- _What the task asks_
Write out all the entries word for word, but skip any images.

[Records contained in a dataset]
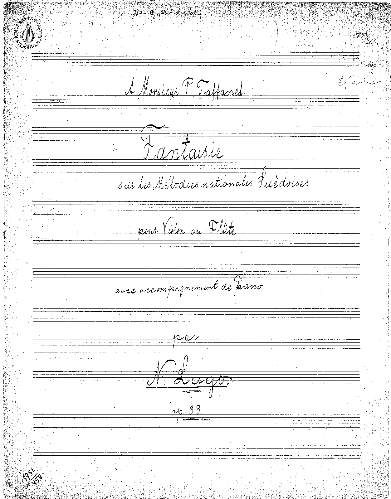 | Work Title | Fantaisie sur les mélodies nationale suédoises |
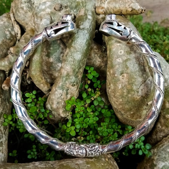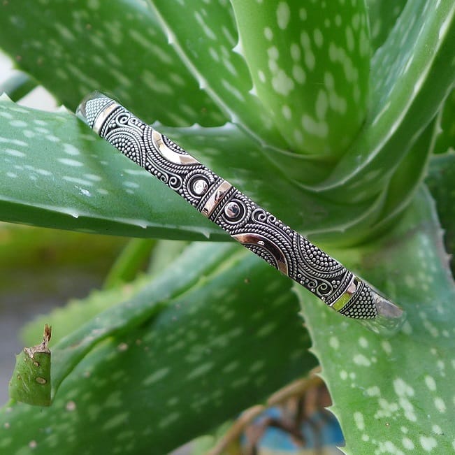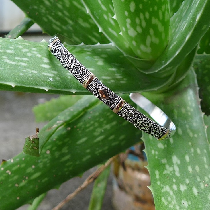 NY-CFB030Thin and lightweight sterling silver cuff bracelet, with ornate design ornament.Diameter: 60 mm, Width: 10 mm, Est Weight: 8.5 grams.$23.99/ Piece
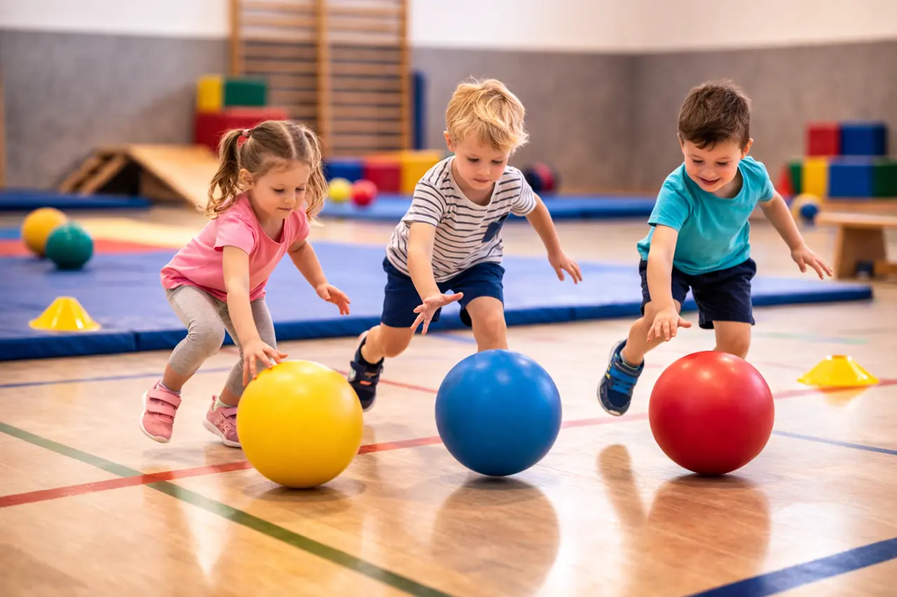 Die Ballschule bei den Sportkinder Berlin ist ein kindgerechtes Bewegungsangebot für Kinder im Vorschul- und Grundschulalter, das den spielerischen Umgang mit verschiedenen Bällen in den Mittelpunkt stellt. Die Kinder üben Werfen, Fangen, Dribbeln und Rollen, entdecken kleine Teamspiele und koordinative Übungen und entwickeln dabei Hand-Auge-Koordination, Gleichgewicht und Körperkontrolle. In einer motivierenden und wertschätzenden Umgebung lernen die Kinder, Erfolge zu feiern, Selbstvertrauen aufzubauen und Freude an Bewegung zu entwickeln, während gleichzeitig soziale Fähigkeiten wie Fairplay und Teamgeist gestärkt werden.
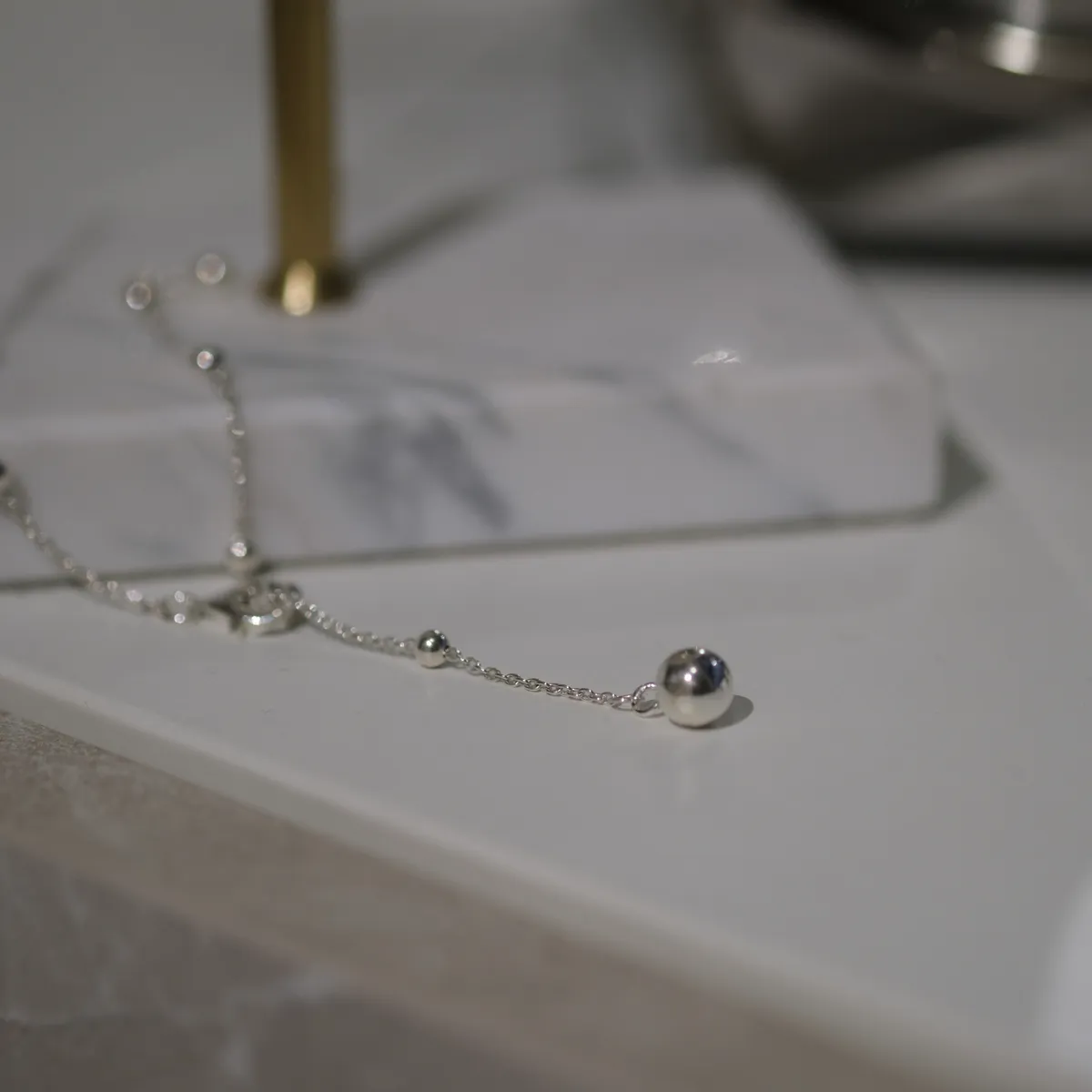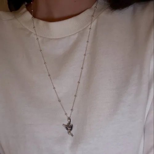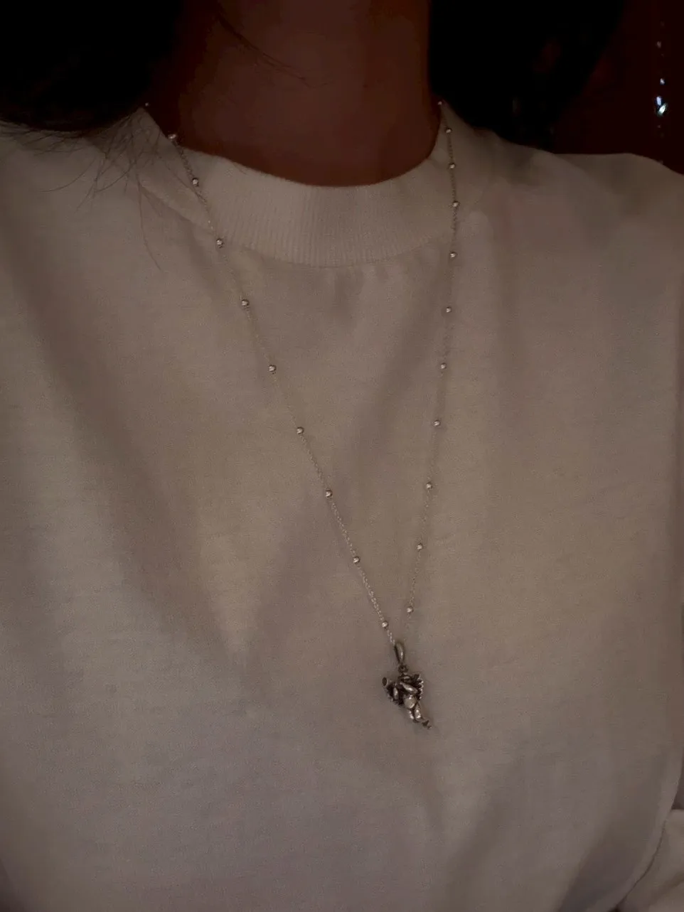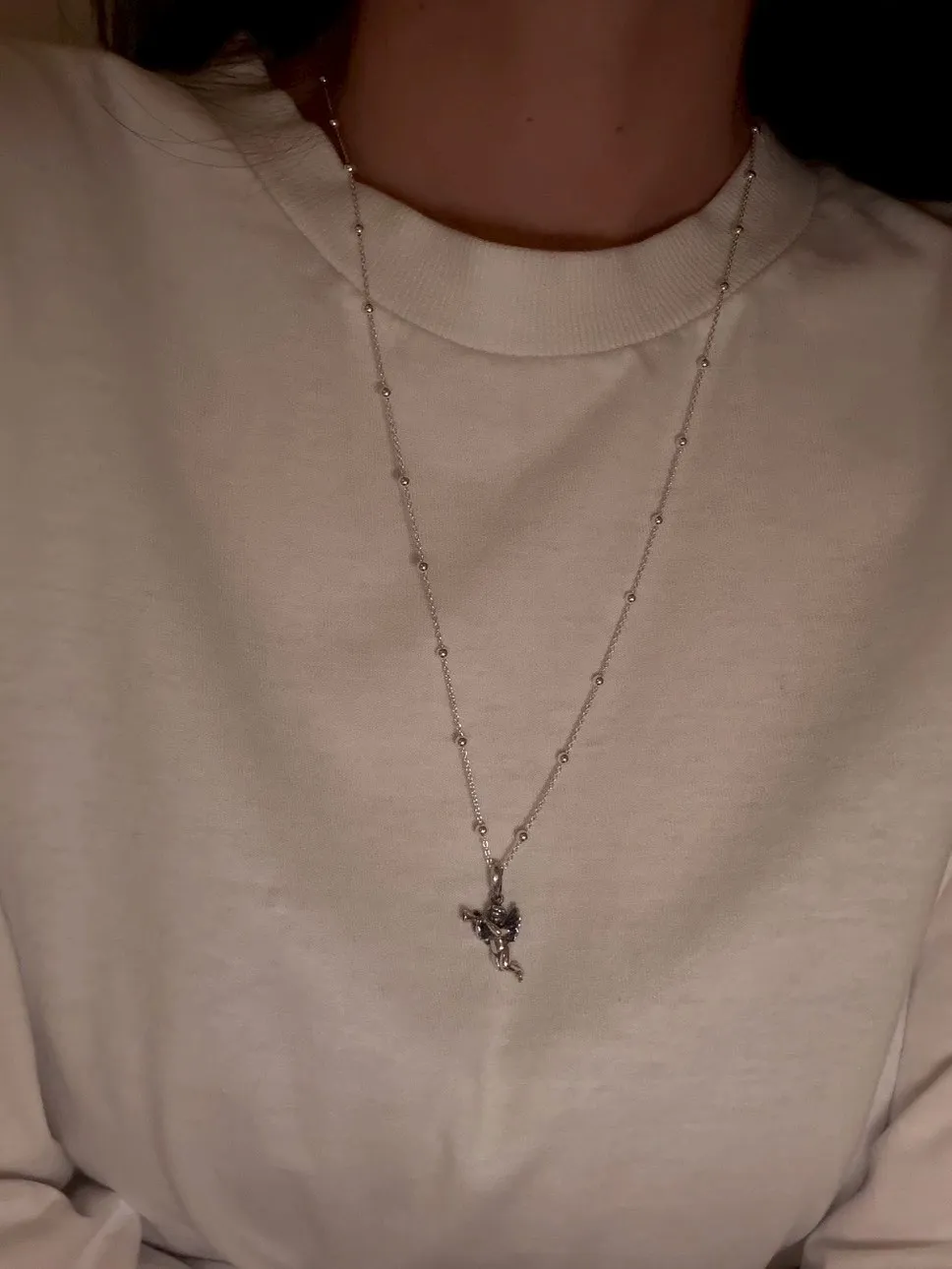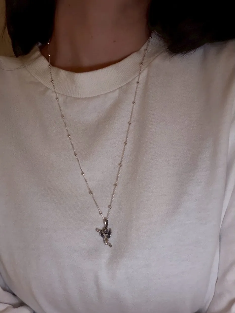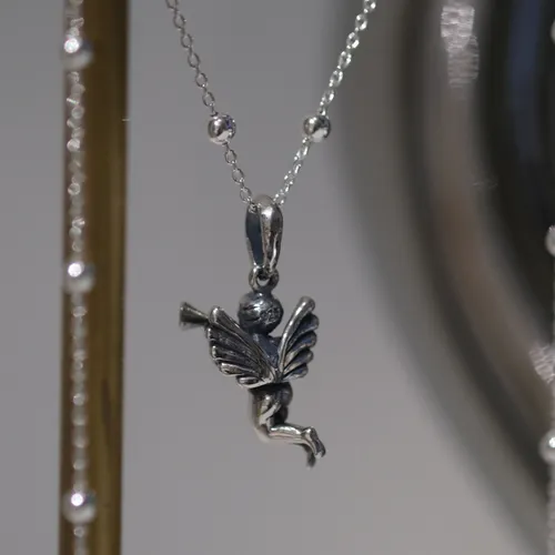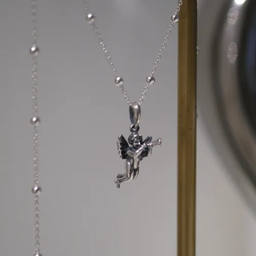 RR2250 S925純銀 立體小天使可調節珠珠項鍊
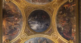 La restauration du plafond du salon de Diane débutée en octobre 2024 s'achève, révélant la splendeur retrouvée de sa voûte peinte et de ses stucs. Découvrez les coulisses du travail prodigieux des restaurateurs de peinture.
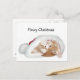 Orange and white tabby kitten plays in a Santa hat and wishes a Mewy Christmas photo Christmas postcard. Text can be easily changed or removed
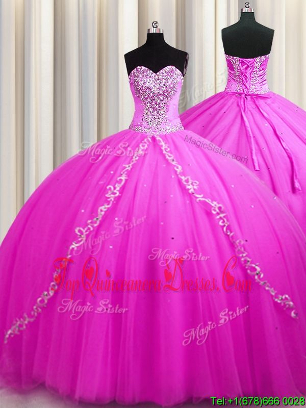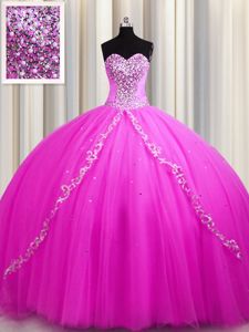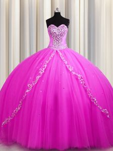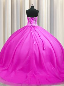Enchanting Sweep Train Sleeveless Tulle Floor Length Lace Up Quinceanera Gowns in Rose Pink for with Beading
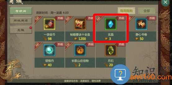 ①装备强化:所需材料为玄晶。每周500个折扣限购,超过则按原价无限购买;帮会坊市每日限购10个(使用帮贡购买);师徒商店每周限购50个(师徒币购买);以及部分活动有机会获得。
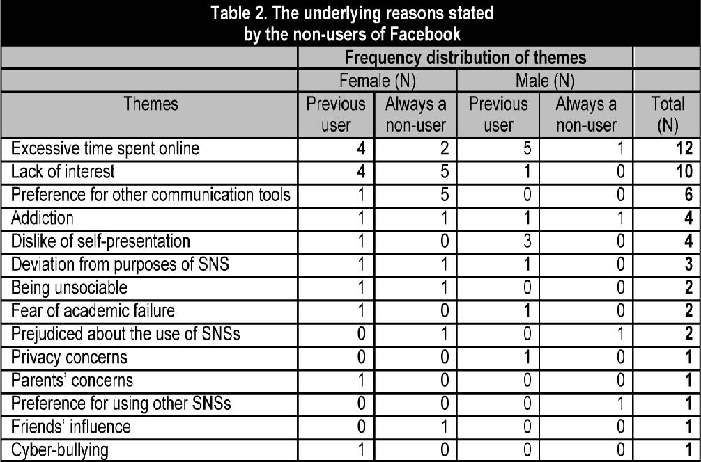 The three least commonly reported reasons for not using Facebook were preference for using other SNSs, friends’ influence, and cyber-bullying. One student stated, «The reason for deactivating my Facebook account is tending to use Twitter more than Facebook» (P6, Male). Another student said, «I suspended my account, because nonsense messages are coming consistently. I felt depressed. I am very comfortable right now» (P8, Female).
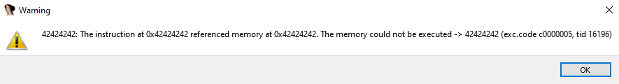 if we continue the debugging IDA will show the warning like below because memory address 0x42424242 does not exist when executing the return

- _Completed task_
 | Work Title | Fantaisie sur les mélodies nationale suédoises |
 NY-CFB030Thin and lightweight sterling silver cuff bracelet, with ornate design ornament.Diameter: 60 mm, Width: 10 mm, Est Weight: 8.5 grams.$23.99/ Piece
 Die Ballschule bei den Sportkinder Berlin ist ein kindgerechtes Bewegungsangebot für Kinder im Vorschul- und Grundschulalter, das den spielerischen Umgang mit verschiedenen Bällen in den Mittelpunkt stellt. Die Kinder üben Werfen, Fangen, Dribbeln und Rollen, entdecken kleine Teamspiele und koordinative Übungen und entwickeln dabei Hand-Auge-Koordination, Gleichgewicht und Körperkontrolle. In einer motivierenden und wertschätzenden Umgebung lernen die Kinder, Erfolge zu feiern, Selbstvertrauen aufzubauen und Freude an Bewegung zu entwickeln, während gleichzeitig soziale Fähigkeiten wie Fairplay und Teamgeist gestärkt werden.
 RR2250 S925純銀 立體小天使可調節珠珠項鍊
 La restauration du plafond du salon de Diane débutée en octobre 2024 s'achève, révélant la splendeur retrouvée de sa voûte peinte et de ses stucs. Découvrez les coulisses du travail prodigieux des restaurateurs de peinture.
 Orange and white tabby kitten plays in a Santa hat and wishes a Mewy Christmas photo Christmas postcard. Text can be easily changed or removed
Enchanting Sweep Train Sleeveless Tulle Floor Length Lace Up Quinceanera Gowns in Rose Pink for with Beading
 ①装备强化:所需材料为玄晶。每周500个折扣限购,超过则按原价无限购买;帮会坊市每日限购10个(使用帮贡购买);师徒商店每周限购50个(师徒币购买);以及部分活动有机会获得。
 The three least commonly reported reasons for not using Facebook were preference for using other SNSs, friends’ influence, and cyber-bullying. One student stated, «The reason for deactivating my Facebook account is tending to use Twitter more than Facebook» (P6, Male). Another student said, «I suspended my account, because nonsense messages are coming consistently. I felt depressed. I am very comfortable right now» (P8, Female).
 if we continue the debugging IDA will show the warning like below because memory address 0x42424242 does not exist when executing the return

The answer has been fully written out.